Add the NSCameraUsageDescription key in the info and state the reason for using the camera.

Creating a VNDocumentCameraViewController

VNDocumentCameraViewController doesn’t offer any configuration options; simply declare an instance to use it.

The following code demonstrates its use in SwiftUI:

Swift

import VisionKit

struct VNCameraView: UIViewControllerRepresentable {
    @Binding var pages:[ScanPage]
    @Environment(\.dismiss) var dismiss

    typealias UIViewControllerType = VNDocumentCameraViewController

    func makeUIViewController(context: Context) -> VNDocumentCameraViewController {
        let controller = VNDocumentCameraViewController()
        controller.delegate = context.coordinator
        return controller
    }

    func updateUIViewController(_ uiViewController: VNDocumentCameraViewController, context: Context) {}

    func makeCoordinator() -> VNCameraCoordinator {
        VNCameraCoordinator(pages: $pages, dismiss: dismiss)
    }
}

struct ScanPage: Identifiable {
    let id = UUID()
    let image: UIImage
}

Implementing VNDocumentCameraViewControllerDelegate

VNDocumentCameraViewControllerDelegate provides three callback methods:

documentCameraViewController(_ controller: VNDocumentCameraViewController, didFinishWith scan: VNDocumentCameraScan)

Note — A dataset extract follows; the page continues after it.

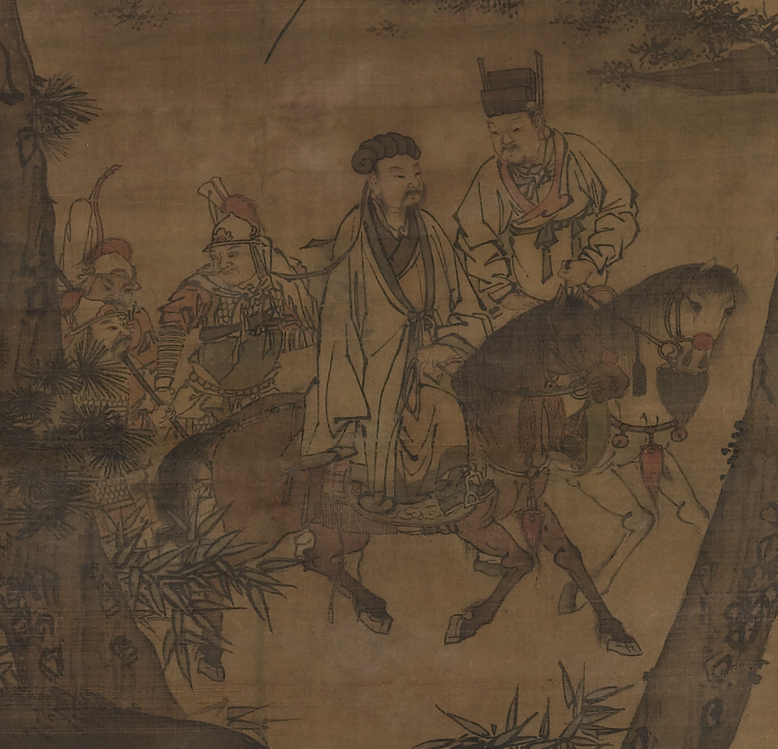 "The name Kongming in the title of this painting refers to one of the greatest military strategists in Chinese history, Zhuge Liang. Known also as a statesman, diplomat and prose writer, Zhuge Liang lived in the early 3rd century, when China was divided among rival lords. Although Zhuge Liang resided in the mountains, living as a farmer, he also practised the occult arts of Daoism and kept himself well informed about the political situation in his country. The story goes that one of the contending warlords of the era, Liu Bei, wishing to engage his services, visited his rustic retreat three times. Each time Liu Bei appealed to Zhuge Liang. On the third occasion, satisfied by Liu Bei’s perserverance, Zhuge Liang agreed to act as his advisor – and he left the mountains. This is the moment depicted in the painting: Zhuge Liang rides the horse at the back of the group; Liu Bei is the man in the tall hat beside him; the other two riders, to the front, are Liu Bei’s generals." —Chester Beatty Library

Informs the delegate that the user has successfully saved a document scanned from the document camera.
documentCameraViewControllerDidCancel(_ controller: VNDocumentCameraViewController)

Informs the delegate that the user has canceled from the document scanner camera.
documentCameraViewController(_ controller: VNDocumentCameraViewController, didFailWithError error: Error)

Informs the delegate of a failure in document scanning while the camera view controller is active.

Swift

final class VNCameraCoordinator: NSObject, VNDocumentCameraViewControllerDelegate {
    @Binding var pages:[ScanPage]
    var dismiss:DismissAction

    func documentCameraViewController(_ controller: VNDocumentCameraViewController, didFinishWith scan: VNDocumentCameraScan) {
        for i in 0..<scan.pageCount{
            let scanPage = ScanPage(image: scan.imageOfPage(at: i))
            pages.append(scanPage)
        }
        dismiss()
    }

    func documentCameraViewControllerDidCancel(_ controller: VNDocumentCameraViewController) {
        dismiss()
    }

    func documentCameraViewController(_ controller: VNDocumentCameraViewController, didFailWithError error: Error) {
        dismiss()
    }

    init(pages:Binding<[ScanPage]>,dismiss:DismissAction) {
        self._pages = pages
        self.dismiss = dismiss
    }
}

VisionKit allows users to continuously scan images. The number of images can be queried through pageCount, and each image can be obtained using imageOfPage.

Users should adjust the orientation of the scanned images to the correct display state to facilitate the next step of text recognition.

Invoking in the View

Swift

struct ContentView: View {
    @State var scanPages = [ScanPage]()
    @State var scan = false
    var body: some View {
        VStack {
            Button("Scan") {
                scan.toggle()
            }
            List {
                ForEach(scanPages, id: \.id) { page in
                    HStack {
                        Image(uiImage: page.image)
                            .resizable()
                            .aspectRatio(contentMode: .fit)
                            .frame(height: 100)
                    }
                }
            }
            .fullScreenCover(isPresented: $scan) {
                VNCameraView(pages: $scanPages)
                    .ignoresSafeArea()
            }
        }
    }
}

With this, you have acquired the same functionality for capturing and scanning images as in the Notes app.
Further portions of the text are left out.